Duck, Yancey thought, even as she yelled out loud: “Now, now, get damn well DOWN!”
But one burst nicked Haish’s neck, drawing a mighty spurt—he spun, clapped a hand to the damage, looked drunkenly surprised. Fell to the floor, jacked and shaking, like cholera. The other neatly blew out the centre of Uther’s left palm, instinctively upraised between it and Yancey, as though he’d dreamed it would shield her from lead. Luckily, her Pa shoved her headlong at almost the same moment, to sprawl face-first onto the floor ’midst the dust and splinters. Which, unluckily, left him—
Oh my Good God Jesus, Pa.
—looking down as she looked up, faces equal sick-white in the inconstant light. A flutter of ill-timed laughter spun inside her, trapped, a skeleton leaf in updraft. Like a flame-caught moth charred black, already dying.

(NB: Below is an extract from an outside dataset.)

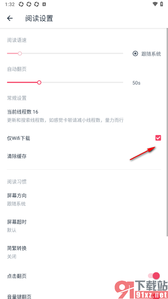 一些用户在使用荔枝阅读APP这款软件的过程中,有些时候想要知道如何才能在该软件中将仅wifi下载功能关闭掉,那么用户可以参考上述的教程方法来设置就好了,此外用户还可以设置点击翻页、音量键翻页等内容,有需要的用户可以来操作试试。
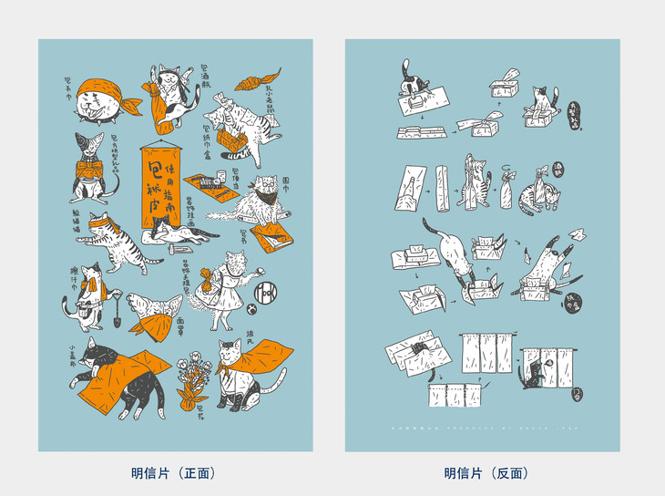 好在这些事儿都解决了。为了完成这个使用功能教育,我们请大家喜欢的插画师——于瑒(点击“这里”,可以查看她之前的作品)绘制了主图,还将“包袱皮使用方法”制作成明信片,随整体包装一同发送。这次的产品的包装,使用的是日本供货商竹尾的纸(我们也曾在“这里”报道过这间公司如何见证日本设计史)。总之,每件产品都能成为海报一样的存在,希望它们能够为你的生活空间增添乐趣。

“Gal,” Lionel Colder tried to say
, through a closed throat. And Yancey heard his lungs rattle as he toppled, juicy-wet, through that unmendable hole in his chest.
“Shit,” Mister Morrow said again, like it was the only word he knew. Like he’d forgotten how to say anything else, without bawling like a damn baby.
Not his fault, though. More Pargeter’s, she supposed—but even now, lapped by this insane storm of destruction, he drew nothing from her but abstract alarm, mixed here and there with an odd pulse of pity.
It was Love who got the full brunt of her hatred, in a vitriol cocktail; Love who she wanted to see broken apart once more, reduced to crystals so fine they’d dissolve on skin. Blast him to particulates, and beyond. How dare he even mention God, for good or ill, when—
Eyes tear-burnt, Yancey felt blindly for her Pa’s hand, which flexed in her grip, fixed and cooling. Closed her lids so tight they hurt against the sight of him, only to see his soul’s skein bloom upwards anyhow—unwind from his mouth in a fine gold thread and out through the shattered roof, along with his last attempt at breath.
Took a second at most, probably less. Felt like forever.
Uther by her side, big as a house, stuck to her with sweat and blood alike; Uther, still trying to shield her with his body as he pried her gently loose, raised her to her trembling knees.
“Honey, oh honey,” he said, tender as a stone-made man can be. “I’m so sorry.”
Me too, she thought, but couldn’t speak aloud. Could only choke on, dry, as though she were chewing a cud of blood . . . ’til from all around came a noise Yancey recognized immediately, though she’d only heard it described the once.